Monitoring the Internal Monologue: Probe Trajectories Reveal Reasoning Dynamics
arXiv: 2605.18549 · HF: paper page · Tier: 2 (interpretability, LRM safety monitoring)
TL;DR
Large Reasoning Models (LRMs) produce Chain of Thought (CoT) that is often unfaithful to the final output, which undermines its reliability as a safety-monitoring tool. By evaluating a probe at each generated token, the authors construct a probe trajectory: the continuous evolution of a concept's probability across the reasoning process. Future model behavior is more distinguishable when examined over the trajectory than from a single static prediction. Signal-processing features (volatility, trend, steady-state) extracted from the trajectory significantly improve separation of future model states. Two methodological insights: template-based training data reaches near-parity with dynamically generated model responses, eliminating costly initial inference and labeling; pooling matters critically (average and last-token pooling collapse to near-random, max-pooling reaches up to 95% AUROC and yields stable probe trajectories). Across four datasets and four reasoning models in safety and math domains, trajectory features encode task-specific dynamics that improve outcome separability.
Key findings
- CoT is not always faithful to the model's final output. A monitoring system that relies on CoT content alone can miss the cases where the model arrives at the right answer via a misleading or post-hoc-justified reasoning chain.
- The hidden-representation alternative: at each generated token, run a probe that estimates a concept's probability. The sequence of probe outputs across the CoT is a trajectory.

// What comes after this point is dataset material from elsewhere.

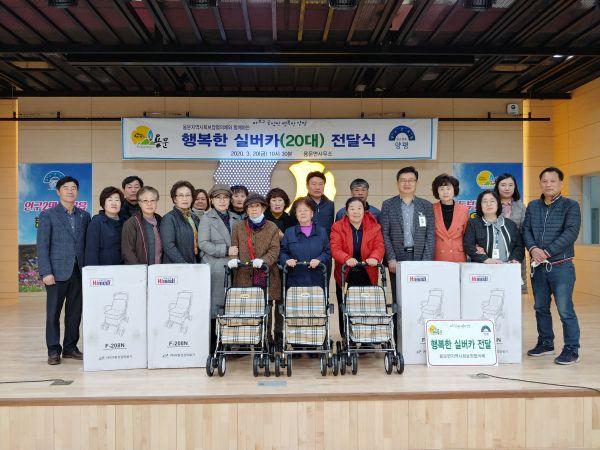 용문면지역사회보장협의체는 지난 20일 용문면사무소 대강당에서 ‘용문면지역사회보장협의체와 함께하는 행복한 실버카 전달식’을 통해 관내 거동이 불편한 취약계층 어르신들에게 전달되길 바라며 실버카 20대를 후원했다.

- Future model behavior is more distinguishable when examined over the trajectory than from a single static prediction. The temporal evolution carries information the static representation alone does not.
- Signal-processing features extracted from the trajectory (volatility, trend, steady-state) give significantly better separation of future model states than the raw probe output. This is the practical recipe: do not just probe; characterise the probe's temporal dynamics.
- Two methodological findings change deployment economics:
- Template-based training data for the probe achieves near-parity with dynamically generated model responses, removing the need for costly initial inference and labelling.
- Pooling choice is critical: average-pooling and last-token pooling collapse to near-random AUROC, max-pooling reaches 95% AUROC and gives stable trajectories.
- Demonstrated on four datasets, four reasoning models, two domains (safety and math).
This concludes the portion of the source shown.